Listed entries Start Marker
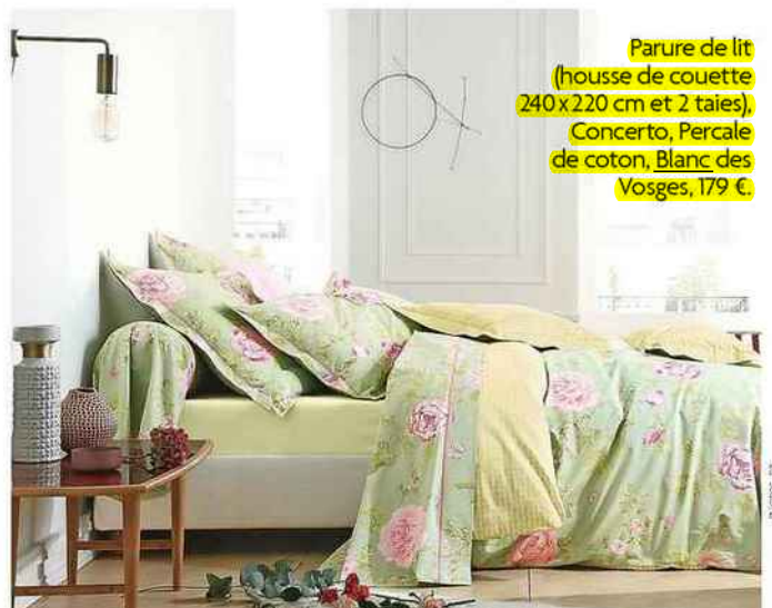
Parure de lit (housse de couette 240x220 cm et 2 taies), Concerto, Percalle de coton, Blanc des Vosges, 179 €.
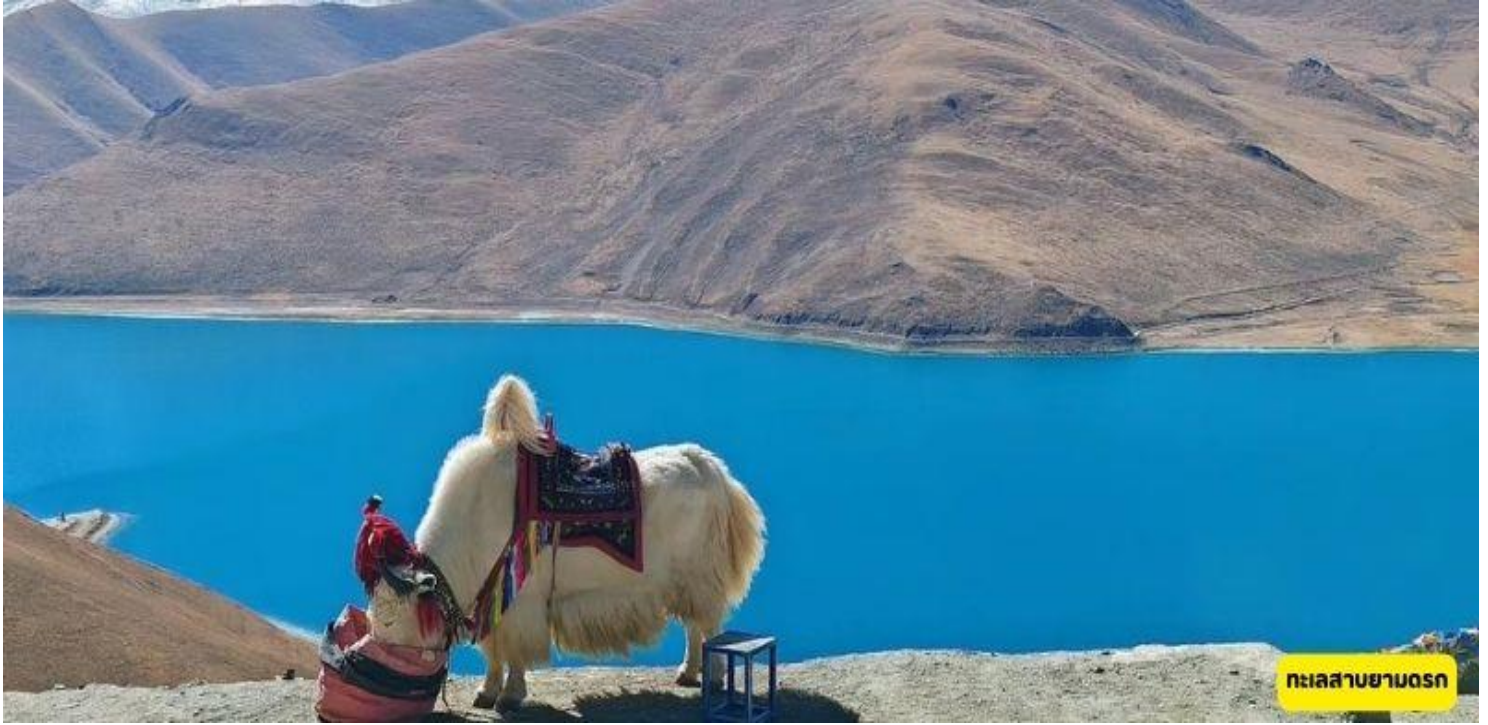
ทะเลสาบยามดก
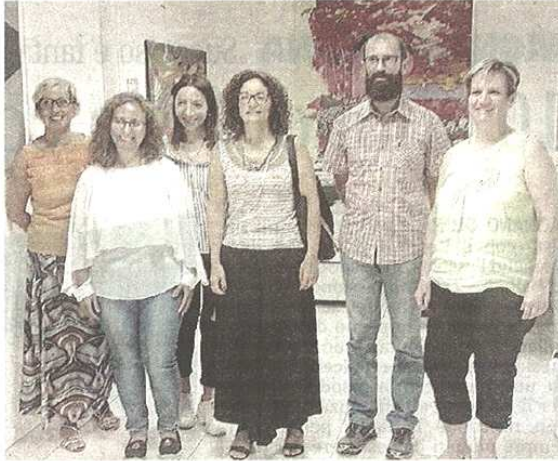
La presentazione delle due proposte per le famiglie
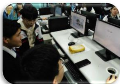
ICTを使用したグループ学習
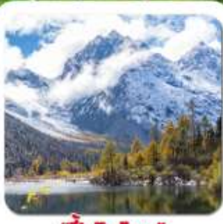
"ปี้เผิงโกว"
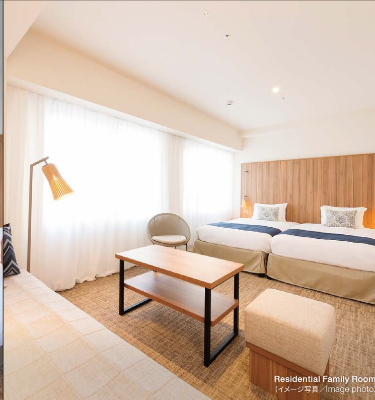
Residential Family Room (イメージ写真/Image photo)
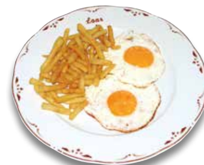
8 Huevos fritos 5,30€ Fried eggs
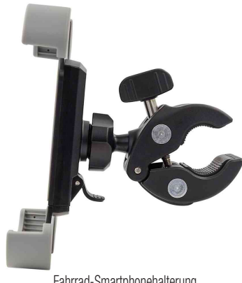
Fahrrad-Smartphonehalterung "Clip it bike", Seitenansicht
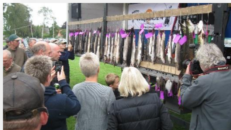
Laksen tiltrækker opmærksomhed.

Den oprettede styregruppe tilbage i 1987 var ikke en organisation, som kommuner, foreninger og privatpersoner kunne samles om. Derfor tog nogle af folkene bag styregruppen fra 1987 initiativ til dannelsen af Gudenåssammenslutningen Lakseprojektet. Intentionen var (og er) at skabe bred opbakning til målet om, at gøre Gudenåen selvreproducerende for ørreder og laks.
Listed entries End Marker
* _Work instruction_: The records above should be repeated exactly, with no pictures in the copy.

* _Solved problem_:
Parure de lit (housse de couette 240x220 cm et 2 taies), Concerto, Percalle de coton, Blanc des Vosges, 179 €.
ทะเลสาบยามดก
La presentazione delle due proposte per le famiglie
ICTを使用したグループ学習
"ปี้เผิงโกว"
Residential Family Room (イメージ写真/Image photo)
8 Huevos fritos 5,30€ Fried eggs
Fahrrad-Smartphonehalterung "Clip it bike", Seitenansicht
Laksen tiltrækker opmærksomhed.

Den oprettede styregruppe tilbage i 1987 var ikke en organisation, som kommuner, foreninger og privatpersoner kunne samles om. Derfor tog nogle af folkene bag styregruppen fra 1987 initiativ til dannelsen af Gudenåssammenslutningen Lakseprojektet. Intentionen var (og er) at skabe bred opbakning til målet om, at gøre Gudenåen selvreproducerende for ørreder og laks.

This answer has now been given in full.